The impact on our tests is larger and larger, affecting entire runtime repo. We need to either find a way to disable the behavior in msquic during our tests, or we have to find a workaround to not hit it in our tests (e.g. run msquic tests serially). We need some solution ASAP (in a day or two).

As an example: Even our BasicTest in #56269 is failing too often and we should disable it in CI due to the noise it is causing.

wfurt · 2021-08-05T18:43:05Z

We talk about it more today @nibanks and just to confirm and clarify. When MsQuic feels it is overloaded it would send back packages with notification instead of just ignoring the request and waiting for re-transmit, right?
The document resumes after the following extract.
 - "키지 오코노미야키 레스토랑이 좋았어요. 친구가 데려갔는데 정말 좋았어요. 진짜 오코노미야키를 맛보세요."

And is there any other reason why client may get CONNECTION_REFUSED error?
I'm primarily asking if this is something we can depend on for test connection retry or if there is any better way how detect this situation.

nibanks · 2021-08-05T18:52:05Z

In this case, MsQuic should inform the peer with the CONNECTION_REFUSED error. There shouldn't be any other reasons that you'd see this error from an MsQuic server. You can retry if you want. But you're just going to be adding more load to the system and there's no guarantee you'll succeed any time soon. If you have enough parallel tests all "retrying until they succeed" it's possible you never get there. Perhaps if you have "sleep and retry" model it's work better.
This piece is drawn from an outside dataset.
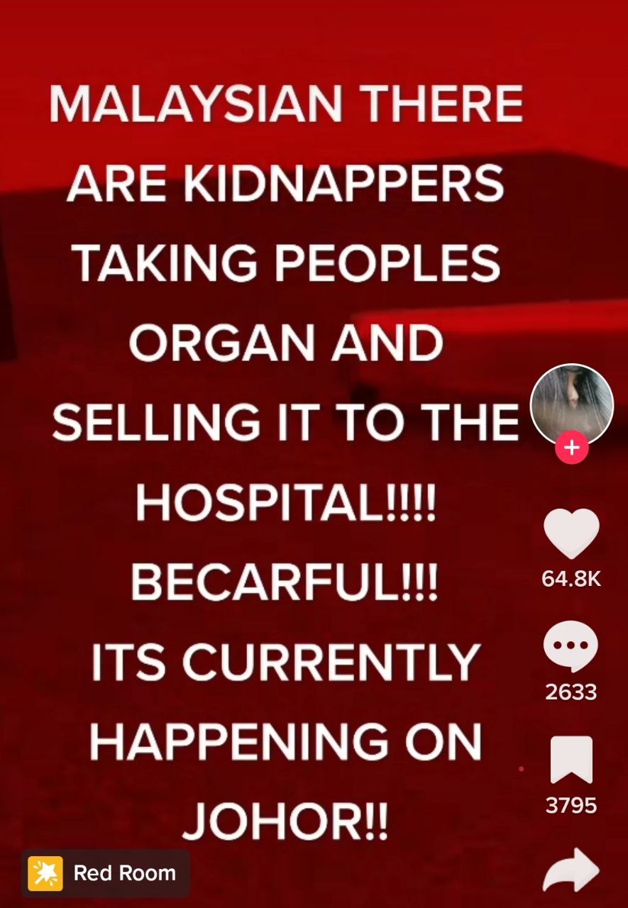 新山南区警区主任拉勿发文告表示,警方于本月11日凌晨12时27分接获投报称,社交媒体“Aestheticharu”的账号上传了一段11秒钟的抖音视频,视频内容具污蔑,宣称发生了绑匪掳人并将人体器官贩卖给医院的活动,这类事件也发生在柔佛州。
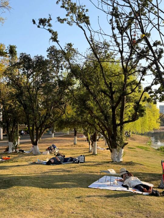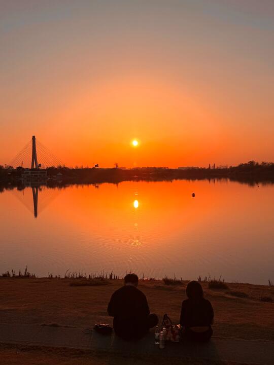 感觉一万个人都来锦城湖[搜索高亮]看日落晚霞🌅 顺便感受下成都人的松弛感~

wfurt · 2021-08-05T22:31:48Z

I see no evidence that the system would be generally overloaded. When I run it locally on my vm I see 20-80% cpu utilization. There may be spikes and with docker and virtualization there are no real-time guarantees.

At this moment this is biggest reason. for CI instability impacting all .NET contributors. There are other factors like occasional DNS failures or outages in external Azure services. But all the others are quite rare so we live with them.
Also we are yet to run tests on ARM and some of those machines are SLOW.
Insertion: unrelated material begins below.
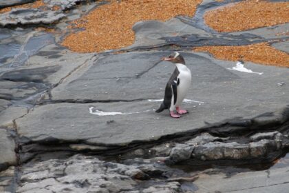 Nareszcie są, nie biorą kasy i blisko podchodzą! PINGWINY!!! Żółtookie!!! Z pingwina najfajniejszy jest skok: staje na kamysiu, czai się, czai, buja, wreszcie wychyla się do przodu i…bęc, ląduje żabką …
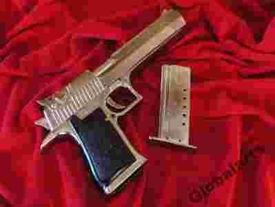„Desert Eagle – pistolet na silny nabój rewolwerowy .357 Magnum z lufami długości: 6, 8, 10 i 14 cali (152, 203, 254 i 355 mm). Broń została zaprojektowana w 1979 roku przez amerykańską firmę Magnum Research, Inc. założoną w St. Paul w stanie Minnesota. Następnie w wyniku porozumienia z Israel Military Industries była m.in. produkowana na licencji.

If we can move this to the occasional but rare category it would be still big improvement. That may be wait and retry, increasing the threshold or some other strategy. For example could MsQuic give us event so we know that particular connection is going to fail?

ManickaP · 2021-08-10T17:24:58Z

Triage: partial fix in PR. We also want to disable parallelism of QUIC tests to minimize the probability of this issue, after all that's what msquic does in their test suite.
Merge the PR in flight, get in the PR with disabled parallelism and close this.
If it comes back, we'd need to disable tests more aggressively since there's no easy remedy to this problem.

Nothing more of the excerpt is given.